Multicell downlink capacity with coordinated processing

  • Authors:
  • Sheng Jing;David N. C. Tse;Joseph B. Soriaga;Jilei Hou;John E. Smee;Roberto Padovani

  • Affiliations:
  • Laboratory for Information and Decision Systems (LIDS), Massachusetts Institute of Technology (MIT), Cambridge, MA;Electrical Engineering and Computer Science Department, University of California, Berkeley, CA;Corporate R & D Division, Qualcomm Incorporated, San Diego, CA;Corporate R & D Division, Qualcomm Incorporated, San Diego, CA;Corporate R & D Division, Qualcomm Incorporated, San Diego, CA;Corporate R & D Division, Qualcomm Incorporated, San Diego, CA

  • Venue:
  • EURASIP Journal on Wireless Communications and Networking - Theory and Applications in Multiuser/Multiterminal Communications
  • Year:
  • 2008

Quantified Score

Hi-index 0.00

Visualization

Abstract

We study the potential benefits of base-station (BS) cooperation for downlink transmission in multicell networks.

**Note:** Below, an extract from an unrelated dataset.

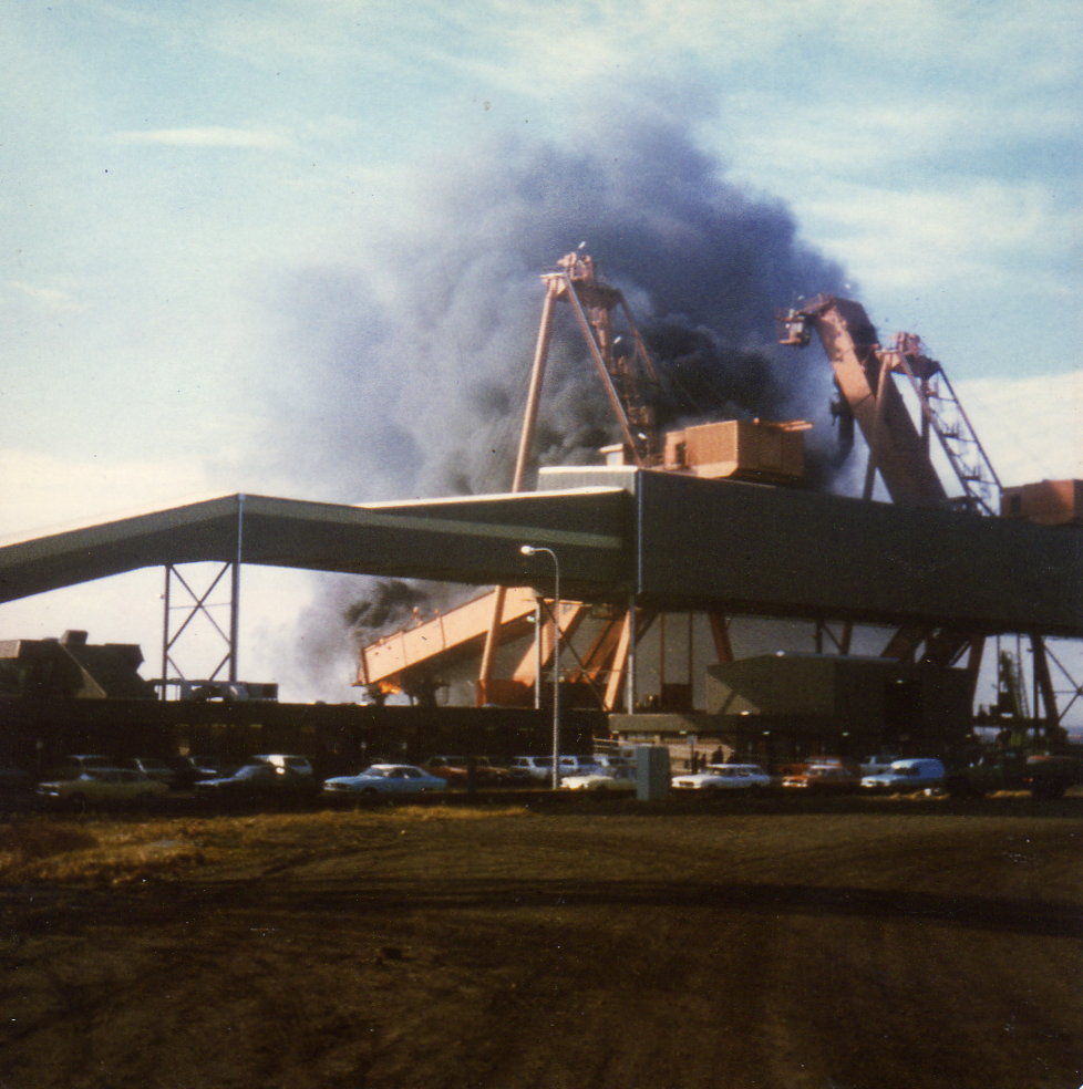 Port Waratah Coal Services, SL1 fire, 1 August 1978 (1st August 1978), [1978 Aug.1 PWCS SL1 fire No2]. Living Histories, accessed 19/01/2026, https://livinghistories.newcastle.edu.au/nodes/view/95897

Based on a modified Wyner-type model with users clustered at the cell-edges, we analyze the dirty-paper-coding (DPC) precoder and several linear precoding schemes, including cophasing, zero-forcing (ZF), and MMSE precoders. For the nonfading scenario with random phases, we obtain analytical performance expressions for each scheme. In particular, we characterize the high signal-to-noise ratio (SNR) performance gap between the DPC and ZF precoders in large networks, which indicates a singularity problem in certain network settings. Moreover, we demonstrate that the MMSE precoder does not completely resolve the singularity problem. However, by incorporating path gain fading, we numerically show that the singularity problem can be eased by linear precoding techniques aided with multiuser selection. By extending our network model to include cell-interior users, we determine the capacity regions of the two classes of users for various cooperative strategies. In addition to an outer bound and a baseline scheme, we also consider several locally cooperative transmission approaches. The resulting capacity regions show the tradeoff between the performance improvement and the requirement for BS cooperation, signal processing complexity, and channel state information at the transmitter (CSIT).